Bender, a doctor of medicine , was a member of the NSDAP ( membership number 2.087.161) and the SS (SS number 194.671). From 1938 to 1939 he worked as a camp doctor in the Buchenwald concentration camp. After the outbreak of the Second World War , Bender was probably employed as a troop doctor in the SS Totenkopf division in the reconnaissance department and the tank destroyer department. From August 1944 to April 11, 1945, Bender again acted as the second camp doctor in the Buchenwald concentration camp. In addition to his medical work in the prisoner infirmary, Bender was also responsible for selecting prisoners who were fit for work for work and field detachments. In the Buchenwald concentration camp, Bender also selected prisoners for the Buchenwald sub-camp in Ohrdruf , in which prisoners were supposed to build a new " Führer Headquarters " under catastrophic living and supply conditions in the rock complex at the Ohrdruf military training area .

“I had instructions to select only strong and fully capable prisoners for Ohrdruf (S III). I strictly followed this instruction. I can remember that I had to look at a large number of inmates, there may have been 4,000 to 5,000, in order to find about 3,000 prisoners who were fit for work and who met the requirements. The search was accelerated by the fact that when the inmates marched past me, I could immediately see which inmate was out of the question for the command - if only because of his malnourished appearance [...] ”

- August Heinrich Bender : affidavit

War Crimes Trial and Detention

After the end of the war, Bender was arrested and interned in the US prisoner of war camp in Bad Aibling together with Hans-Theodor Schmidt , Hans Merbach , Max Schobert , Albert Schwartz and Otto Barnewald , who were also part of the Buchenwald concentration camp .
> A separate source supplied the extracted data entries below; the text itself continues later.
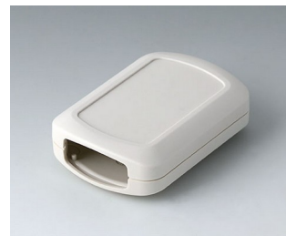
B2832107 CONNECT M ASA+PC (UL 94 V-0) grauweiß RAL 9002 76x54x22mm
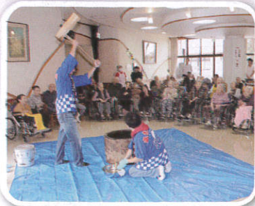
出羽商工会櫛引支所青年部 様
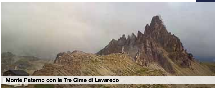
Monte Paterno con le Tre Cime di Lavaredo

Inserita nell'ambito delle manifestazioni di "Letteratura" Cappella Fina-Piancavallone: Difficoltà: E - Dislivello: mt. 450 - Tempo di salita: ore 1,30 Pian Cavallone - Pizzo Marona: Difficoltà EE - Dislivello 500 mt.
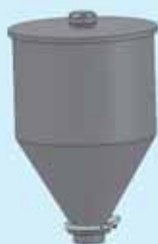
Tramoggia lt. 13 Hopper 13 lt.
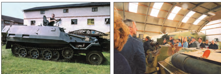
Fot. 12. Muzeum Historycznych Pojazdów i Techniki Motoryzacyjnej w Boczkach
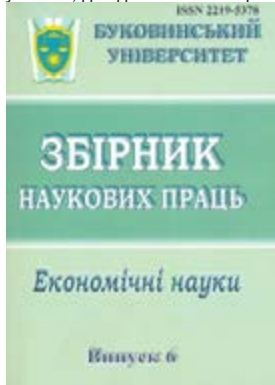
Рисунок Б.10 Бюлетень наукових праць

БЮЛЕТЕНЬ (від фр. bulletin — записка, листок). Оперативне періодичне або продовжуване видання, що містить збори офіційних матеріалів наукового, довідкового і / або рекламного характеру.
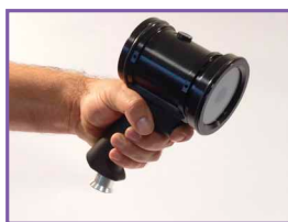
Projecteur UV S-LED
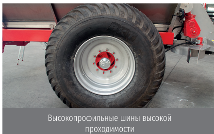
Высокопрофильные шины высокой проходимости
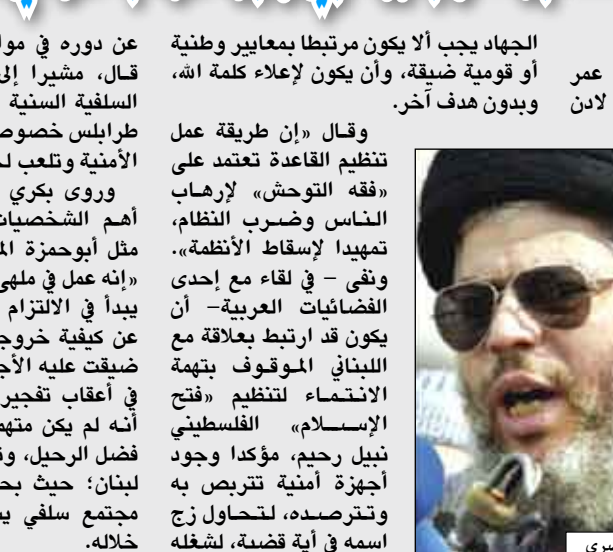
أسامة بن لادن

As part of the Dachau trials , Bender was charged with 30 other accused in the main Buchenwald trial. According to testimony from former inmates, Bender is said to have participated in selections and also mistreated inmates. On the other hand, the inmate nurses of the inmate infirmary, in which Bender worked as a camp doctor, testified that he had never mistreated inmates, but had a good reputation in Buchenwald and, moreover, made no discriminatory differences in the treatment of the inmates. On August 14, 1947, Bender was sentenced to ten years imprisonment for helping and participating in the violent crimes in Buchenwald concentration camp, which was later reduced to three years imprisonment. Bender was released from Landsberg War Crimes Prison in June 1948 .
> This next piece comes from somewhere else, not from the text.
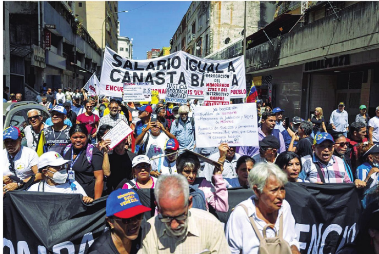
Hubo protestas de los trabajadores en Caracas y otras ciudades, para exigir mejoras salariales

Para Cabello, ese período "fue un duro golpe para quienes, de alguna manera, intentaron dar

The time after the Second World War

After his release, Bender made an affidavit in Kreuzau, his birthplace, on November 8, 1948, in which he reported on the intensified methods of interrogation and abuse by US officers from mid-September 1945 to early October 1945.
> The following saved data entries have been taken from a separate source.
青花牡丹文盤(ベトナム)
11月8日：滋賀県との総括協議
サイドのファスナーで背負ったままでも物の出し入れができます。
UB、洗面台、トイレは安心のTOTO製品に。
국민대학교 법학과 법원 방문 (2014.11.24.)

Bender settled in Kelz in 1949 as a family doctor and practiced there until 1988. From 1954 to 1996 he was a member of the mutual aid community of the members of the former Waffen-SS eV (HIAG). According to his son, he received a menorah from a local farmer in the mid-1960s , which was stolen from the destroyed Vettweiß synagogue during the November pogroms in 1938 . He then had this seven-armed chandelier restored and used it as a decoration on his landing. Shortly before his death, Bender transferred the menorah to the Rhineland Regional Council. Bender died in Düren in December 2005.

See also

literature

Web links

Individual evidence

  1. Affidavit by August Heinrich Bender after the end of the war before US investigators, quoted by: Geschichts- und Technologiegesellschaft Großraum Jonastal eV Jonastalverein: Headquarters plan attracted the allied bombers . Retrieved November 25, 2019.
  2. ^ Article in the Aachener Volkszeitung from August 25, 2012
  3. ^ Rhineland-Palatinate state main archive Koblenz: N 1788/2, estate of August Bender
  4. Unique relic from a synagogue . In: Aachener Zeitung of February 4, 2013
  5. Buchenwald photo archive: Sig. 026-00.003, contains Bender's life data . Retrieved November 25, 2019.